Biologists from Harvard University in the United States encoded the world's first GIF, created in the 19th century, in E. coli DNA. The researchers used CRISPR / Cas9 technology to insert nucleotides into the bacterial genome that match the pixels that make up the image. Reading the DNA sequence made it possible to reproduce the video with 90 percent accuracy. The article of scientists was published in the journal Nature.
Edward Muybridge can be considered the creator of
How did the researchers achieve this? The relatively recently discovered CRISPR / Cas9 system has played an important role. This is the name of the molecular mechanism that operates inside bacteria and allows them to fight viruses. CRISPRs are “cassettes” inside the DNA of a microorganism, which are made up of repeating sections and unique sequences - spacers - that are fragments of viral DNA. That is, CRISPR is a kind of databank with information about the genes of pathogenic agents. The Cas9 protein uses this information to correctly identify foreign DNA and render it harmless by cutting at a specific location.
The protospacer matches the sequence that was once "stolen" from the virus and became a spacer. Scientists are using this molecular mechanism. The spacer encodes crRNA, to which the Cas9 protein is then attached. Instead of crRNA, you can use a synthetic RNA with a specific sequence - guide RNA (sgRNA) - and tell the scissors where to make the cut scientists want.
The bacterium obtains spacers naturally by borrowing protospacers from pathogenic viruses. Once the fragment has been inserted into CRISPR, the protospacer becomes a sign that allows the microorganism to recognize the infection.
However, CRISPR is not limited to this. Biotechnologists have found that these "cassettes" can record information using pre-synthesized protospacers. Like any DNA, a protospacer is composed of nucleotides. There are only four nucleotides - A, T, C and G, but their various combinations can encode anything. Such data are read by sequencing - by determining the nucleotide sequences in the genome of the organism.
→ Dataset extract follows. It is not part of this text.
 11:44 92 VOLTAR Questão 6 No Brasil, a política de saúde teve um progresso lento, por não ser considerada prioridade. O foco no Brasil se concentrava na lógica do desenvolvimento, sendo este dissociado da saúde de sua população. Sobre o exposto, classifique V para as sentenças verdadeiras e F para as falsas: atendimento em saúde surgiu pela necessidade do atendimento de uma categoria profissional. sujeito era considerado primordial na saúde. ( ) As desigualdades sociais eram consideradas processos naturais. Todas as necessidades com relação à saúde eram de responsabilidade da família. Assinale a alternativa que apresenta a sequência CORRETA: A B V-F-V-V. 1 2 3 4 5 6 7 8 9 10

E. coli Photo: Manfred Rohde / HZI / DPA / Globallookpress.com
Scientists first coded a four-color and 21-color image of a human hand. In the first case, each color corresponded to one of four nucleotides, in the second, to a group of three nucleotides (triplet). Each protospacer was a string of 28 nucleotides, which contained information about a set of pixels (pixel). To distinguish protospacers, they were labeled with four nucleotide barcodes. Inside the barcode, the nucleotide encoded two digits (C - 00, T - 01, A - 10, G - 11). So, CCCT corresponded to 00000001. This designation makes it possible to understand in which part of the image a particular pixel of a given pixel is located.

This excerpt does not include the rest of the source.